**Data to examine:**
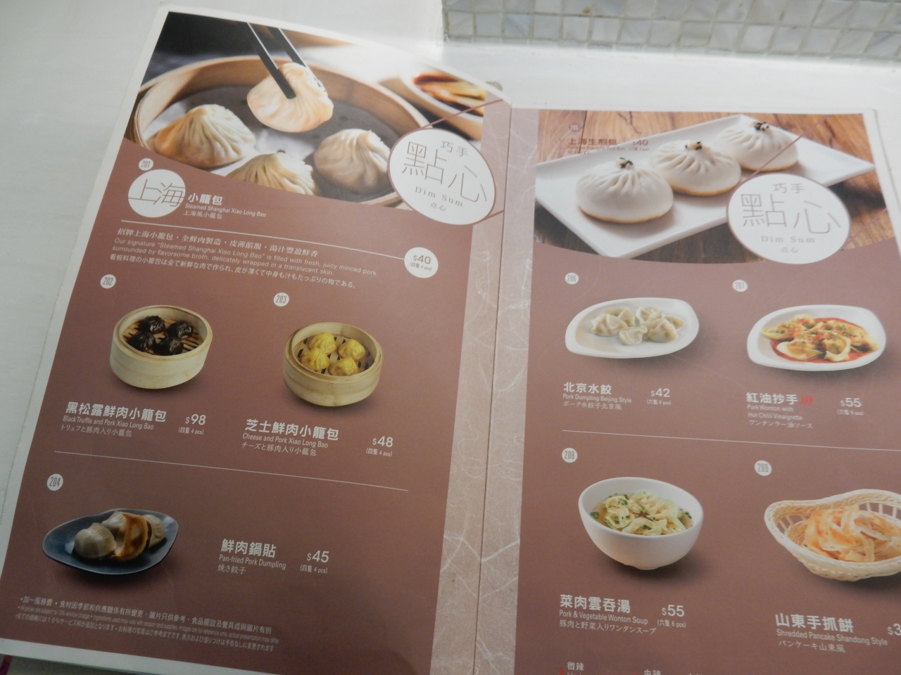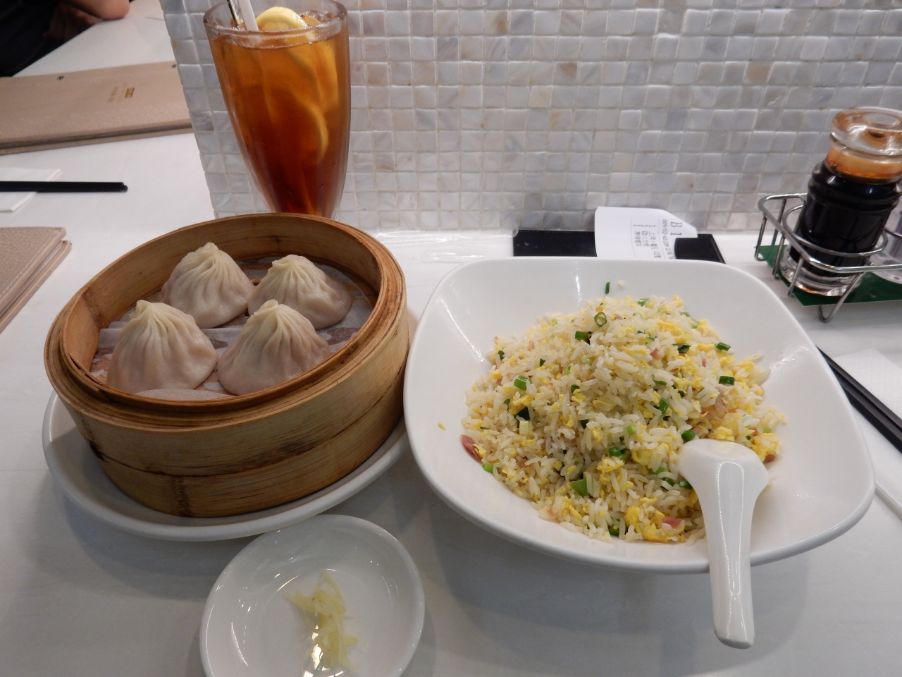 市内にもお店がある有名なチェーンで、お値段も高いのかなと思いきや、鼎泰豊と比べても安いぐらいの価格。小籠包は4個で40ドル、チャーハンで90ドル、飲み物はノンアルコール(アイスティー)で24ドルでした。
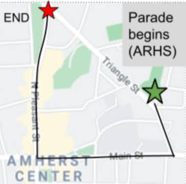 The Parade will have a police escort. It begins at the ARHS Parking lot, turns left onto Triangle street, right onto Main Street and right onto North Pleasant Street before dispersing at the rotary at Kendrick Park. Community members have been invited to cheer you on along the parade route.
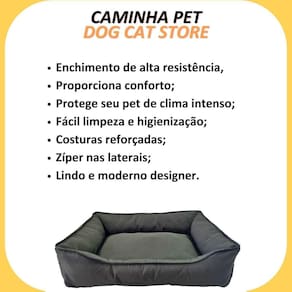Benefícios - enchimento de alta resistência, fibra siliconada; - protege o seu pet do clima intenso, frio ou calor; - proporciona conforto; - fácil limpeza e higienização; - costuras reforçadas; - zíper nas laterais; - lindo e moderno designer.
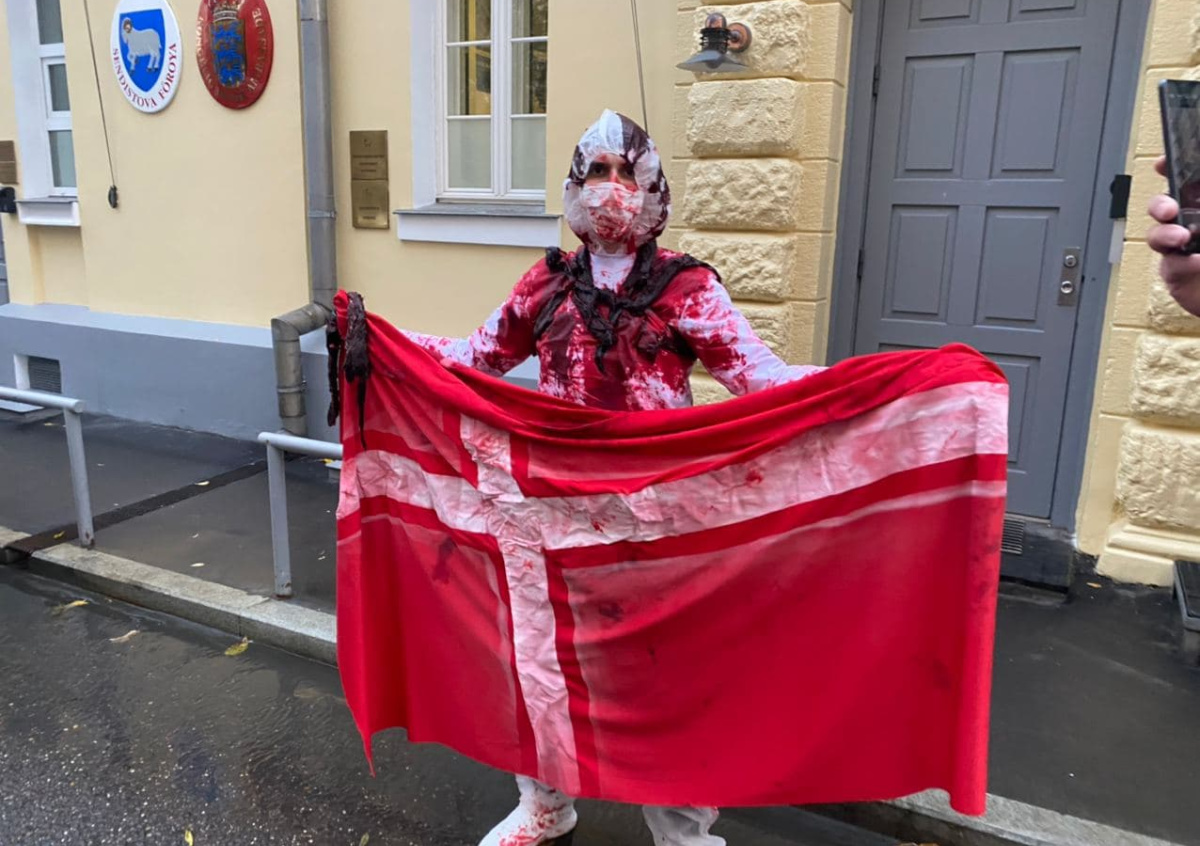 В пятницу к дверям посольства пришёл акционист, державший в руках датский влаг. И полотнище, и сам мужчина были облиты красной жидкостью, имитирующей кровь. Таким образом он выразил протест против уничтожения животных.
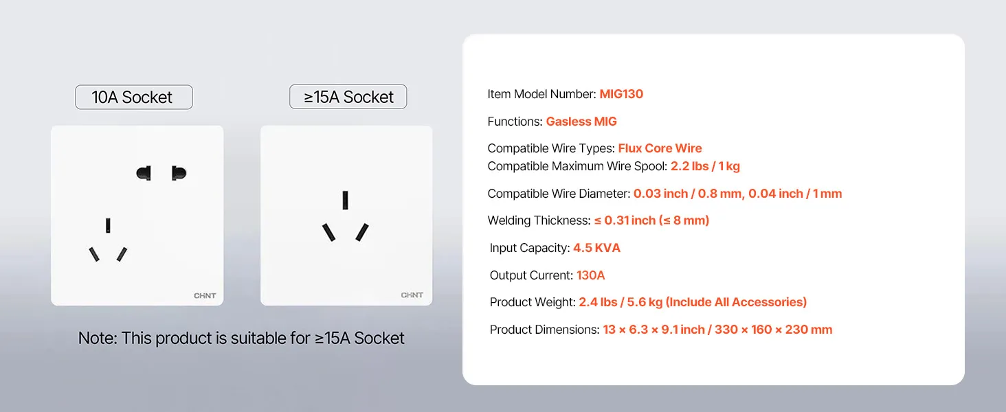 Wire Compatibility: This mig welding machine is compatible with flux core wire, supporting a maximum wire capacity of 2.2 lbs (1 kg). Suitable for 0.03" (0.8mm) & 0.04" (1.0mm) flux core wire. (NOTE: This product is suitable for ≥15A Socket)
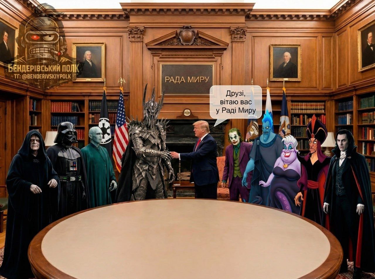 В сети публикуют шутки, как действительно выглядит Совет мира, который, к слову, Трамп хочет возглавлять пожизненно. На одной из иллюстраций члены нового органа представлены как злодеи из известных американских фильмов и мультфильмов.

**Your task:**
When an image appears in the data, skip it and output the rest exactly.

**Problem solution:**
 市内にもお店がある有名なチェーンで、お値段も高いのかなと思いきや、鼎泰豊と比べても安いぐらいの価格。小籠包は4個で40ドル、チャーハンで90ドル、飲み物はノンアルコール(アイスティー)で24ドルでした。
 The Parade will have a police escort. It begins at the ARHS Parking lot, turns left onto Triangle street, right onto Main Street and right onto North Pleasant Street before dispersing at the rotary at Kendrick Park. Community members have been invited to cheer you on along the parade route.
Benefícios - enchimento de alta resistência, fibra siliconada; - protege o seu pet do clima intenso, frio ou calor; - proporciona conforto; - fácil limpeza e higienização; - costuras reforçadas; - zíper nas laterais; - lindo e moderno designer.
 В пятницу к дверям посольства пришёл акционист, державший в руках датский влаг. И полотнище, и сам мужчина были облиты красной жидкостью, имитирующей кровь. Таким образом он выразил протест против уничтожения животных.
 Wire Compatibility: This mig welding machine is compatible with flux core wire, supporting a maximum wire capacity of 2.2 lbs (1 kg). Suitable for 0.03" (0.8mm) & 0.04" (1.0mm) flux core wire. (NOTE: This product is suitable for ≥15A Socket)
 В сети публикуют шутки, как действительно выглядит Совет мира, который, к слову, Трамп хочет возглавлять пожизненно. На одной из иллюстраций члены нового органа представлены как злодеи из известных американских фильмов и мультфильмов.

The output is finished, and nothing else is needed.